This data structure will serve a few purposes.

  1. We will generate the bib files that define the @string definitions
  2. We will use it to modify bibtex files to use those strings.

First, here are some simple functions to generate the @string definitions.

(defun jmax-bibtex-generate-longtitles ()
  (interactive)
  (with-temp-file "longtitles.bib"
    (dolist (row bibtex-abbreviations)
      (insert (format "@string{%s=\"%s\"}\n"
                      (nth 0 row)
                      (nth 1 row))))))

(defun jmax-bibtex-generate-shorttitles ()
  (interactive)
  (with-temp-file "shorttitles.bib"
    (dolist (row bibtex-abbreviations)
      (insert (format "@string{%s=\"%s\"}\n"
                      (nth 0 row)
                      (nth 2 row))))))
jmax-bibtex-generate-shorttitles
(jmax-bibtex-generate-longtitles)
(jmax-bibtex-generate-shorttitles)

Here are the results of running that code: shorttitles.bib and longtitles.bib . This is the first step. We have the @strings defined. Now, we need to convert the names in a bibtex entry to use our string. We want to replace full names and abbreviated names with the @string.

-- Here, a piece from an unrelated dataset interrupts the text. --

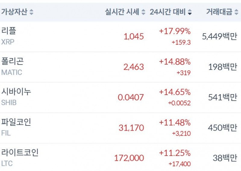 뒤이어 폴리곤, 시바이누, 파일코인, 라이트코인 순으로 급등하고 있습니다.

(defun jmax-stringify-journal-name (&optional key start end)
  "replace journal name with a string. The strings are defined in `bibtex-abbreviations'."
  (interactive)
  (bibtex-beginning-of-entry)
  (when
      (string= "article"
               (downcase
                (cdr (assoc "=type=" (bibtex-parse-entry)))))
    (let* ((full-names (mapcar
                        (lambda (row)
                          (cons  (nth 1 row) (nth 0 row)))
                        bibtex-abbreviations))
           (abbrev-names (mapcar
                          (lambda (row)
                            (cons  (nth 2 row) (nth 0 row)))
                          bibtex-abbreviations))
           (journal (s-trim (bibtex-autokey-get-field "journal")))
           (bstring (or
                     (cdr (assoc journal full-names))
                     (cdr (assoc journal abbrev-names)))))
      (when bstring
        (bibtex-set-field "journal" bstring t)
        (bibtex-fill-entry)))))
jmax-stringify-journal-name

Now, with a single command, we can convert this:

@article{lizzit-2001-surfac-ru,
  author =       {S. Lizzit and A. Baraldi and A. Groso and K. Reuter
                  and M. Ganduglia-Pirovano and C. Stampfl and
                  M. Scheffler and M. Stichler and C. Keller and
                  W. Wurth and D. Menzel},
  title =        {Surface Core-level Shifts of Clean and
                  Oxygen-covered {R}u(0001)},
  journal =      {Physical Review B,
  volume =       63,
  number =       20,
  pages =        {nil},
  year =         2001,
  doi =          {10.1103/physrevb.63.205419},
  url =          {https://doi.org/10.1103/PhysRevB.63.205419},
  month =        5,
}

into this:

@article{lizzit-2001-surfac-ru,
  author =       {S. Lizzit and A. Baraldi and A. Groso and K. Reuter
                  and M. Ganduglia-Pirovano and C. Stampfl and
                  M. Scheffler and M. Stichler and C. Keller and
                  W. Wurth and D. Menzel},
  title =        {Surface Core-level Shifts of Clean and
                  Oxygen-covered {R}u(0001)},
  journal =      PRB,
  volume =       63,
  number =       20,
  pages =        {nil},
  year =         2001,
  doi =          {10.1103/physrevb.63.205419},
  url =          {https://doi.org/10.1103/PhysRevB.63.205419},
  month =        5,
}

If you have a lot of entries you want to modify, you can use bibtex-map-entries like this. Basically, put the elisp form in a comment, and then execute the elisp form

%% (bibtex-map-entries 'jmax-stringify-journal-name)  <- put cursor here. C-x C-e

This saves some effort. Over time, I will keep adding entries to the abbreviation table. As long as a standard journal name or abbreviation is in your bibtex file, this approach should work pretty well. After you replace the journal names with @string entries, you have to generate the string file, either shorttitles.bib or longtitles.bib, and in your LaTeX file, change your bibliography line to:

\bibliography{shorttitles,references}

The order is important. The @string definitions are in shorttitles.bib, and your bibtex entries in references.bib.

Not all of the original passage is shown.